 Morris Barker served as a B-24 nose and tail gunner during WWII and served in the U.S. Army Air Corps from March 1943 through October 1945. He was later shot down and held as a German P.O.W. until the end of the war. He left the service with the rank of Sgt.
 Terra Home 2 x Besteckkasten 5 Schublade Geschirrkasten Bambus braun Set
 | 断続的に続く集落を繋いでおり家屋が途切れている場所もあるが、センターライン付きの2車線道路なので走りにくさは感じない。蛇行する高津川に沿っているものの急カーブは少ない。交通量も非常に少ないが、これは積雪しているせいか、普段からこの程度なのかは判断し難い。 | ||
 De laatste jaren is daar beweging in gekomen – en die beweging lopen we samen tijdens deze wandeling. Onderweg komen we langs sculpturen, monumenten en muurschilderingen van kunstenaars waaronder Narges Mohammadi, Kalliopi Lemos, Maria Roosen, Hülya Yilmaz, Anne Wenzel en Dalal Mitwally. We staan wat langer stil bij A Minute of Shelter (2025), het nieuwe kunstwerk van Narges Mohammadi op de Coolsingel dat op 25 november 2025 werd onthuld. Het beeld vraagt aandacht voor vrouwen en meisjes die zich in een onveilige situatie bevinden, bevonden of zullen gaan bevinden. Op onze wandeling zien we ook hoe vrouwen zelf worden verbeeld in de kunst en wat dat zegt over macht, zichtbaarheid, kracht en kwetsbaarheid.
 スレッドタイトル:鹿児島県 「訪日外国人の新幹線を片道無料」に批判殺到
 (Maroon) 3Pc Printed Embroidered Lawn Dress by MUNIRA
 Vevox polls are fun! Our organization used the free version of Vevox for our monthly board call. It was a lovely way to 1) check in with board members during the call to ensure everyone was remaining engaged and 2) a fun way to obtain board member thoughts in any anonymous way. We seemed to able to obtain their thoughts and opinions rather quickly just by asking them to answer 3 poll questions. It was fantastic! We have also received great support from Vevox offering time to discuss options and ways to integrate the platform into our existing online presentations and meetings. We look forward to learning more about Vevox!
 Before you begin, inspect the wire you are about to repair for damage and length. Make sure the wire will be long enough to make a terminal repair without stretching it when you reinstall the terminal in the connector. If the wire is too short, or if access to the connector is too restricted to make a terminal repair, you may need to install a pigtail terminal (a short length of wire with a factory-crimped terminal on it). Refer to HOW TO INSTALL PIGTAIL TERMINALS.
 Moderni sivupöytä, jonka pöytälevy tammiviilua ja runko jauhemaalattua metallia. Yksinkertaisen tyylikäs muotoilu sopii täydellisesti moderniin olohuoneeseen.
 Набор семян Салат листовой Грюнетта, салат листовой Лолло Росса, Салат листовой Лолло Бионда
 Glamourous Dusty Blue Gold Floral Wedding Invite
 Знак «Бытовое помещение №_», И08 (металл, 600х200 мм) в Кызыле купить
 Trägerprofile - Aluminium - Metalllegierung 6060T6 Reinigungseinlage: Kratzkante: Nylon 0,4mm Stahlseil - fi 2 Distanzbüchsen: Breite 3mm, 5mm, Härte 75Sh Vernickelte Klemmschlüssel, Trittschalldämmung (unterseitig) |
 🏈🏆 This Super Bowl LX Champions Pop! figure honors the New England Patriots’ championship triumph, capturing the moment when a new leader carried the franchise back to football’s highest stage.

★ ★ ★

EXERCISE PROMPT – Once you reach the line that contains "Glamourous Dusty Blue", transcribe it and all remaining lines of the listing exactly; skip everything before it.

YOUR SOLUTION –
 Glamourous Dusty Blue Gold Floral Wedding Invite
 Знак «Бытовое помещение №_», И08 (металл, 600х200 мм) в Кызыле купить
 Trägerprofile - Aluminium - Metalllegierung 6060T6 Reinigungseinlage: Kratzkante: Nylon 0,4mm Stahlseil - fi 2 Distanzbüchsen: Breite 3mm, 5mm, Härte 75Sh Vernickelte Klemmschlüssel, Trittschalldämmung (unterseitig) |
 🏈🏆 This Super Bowl LX Champions Pop! figure honors the New England Patriots’ championship triumph, capturing the moment when a new leader carried the franchise back to football’s highest stage.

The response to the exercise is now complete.